Si un mois après je lui disais :

« — Albertine, tu sais cette jolie fille dont tu m’as parlé, qui jouait si bien au golf. »

« — Ah ! oui, me répondait-elle sans réflexion, Émilie Daltier, je ne sais ce qu’elle est devenue. »

Et le mensonge, comme une fortification de campagne, était reporté de la défense du nom pris maintenant, sur la possibilité de la retrouver.

« — Eh ! je ne sais pas, je n’ai jamais su son adresse. Je ne vois personne qui pourrait vous dire cela. Oh ! non, Andrée ne l’a pas connue.
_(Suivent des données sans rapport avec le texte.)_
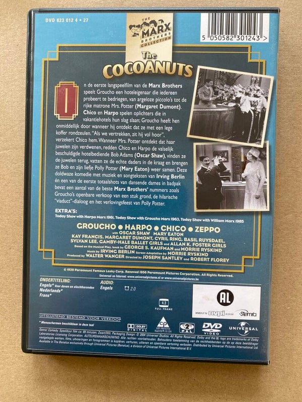 - The Cocoanuts 'The Cocoanuts' was de eerste sprekende film van de Marx Brothers die, toen hij in 1929 uitkwam, onmiddellijk een klassieker werd. De vier broers proberen tegelijkertijd een hotel in Florida uit te baten én een juwelenkraak te verijdelen! Dankzij 'The Cocoanuts', die ook een aantal muzikale nummers bevat, groeiden de broers uit tot de populairste komische act van hun tijd. speelduur: 1 uur 33 min.
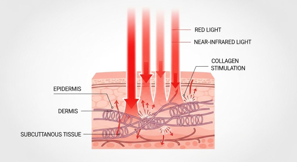 - 近赤外線LED(波長850nm前後):深層真皮〜皮下層に届き、コラーゲン・エラスチンの生成を促進。

Elle n’était pas de notre petite bande, aujourd’hui si divisée. »

D’autres fois le mensonge était comme un vilain aveu :

« — Ah ! si j’avais trois cent mille francs de rente… »

Elle se mordait les lèvres.

« — Hé bien, que ferais-tu ? »

« — Je te demanderais, disait-elle en m’embrassant, la permission de rester chez toi. Où pourrais-je être plus heureuse ? »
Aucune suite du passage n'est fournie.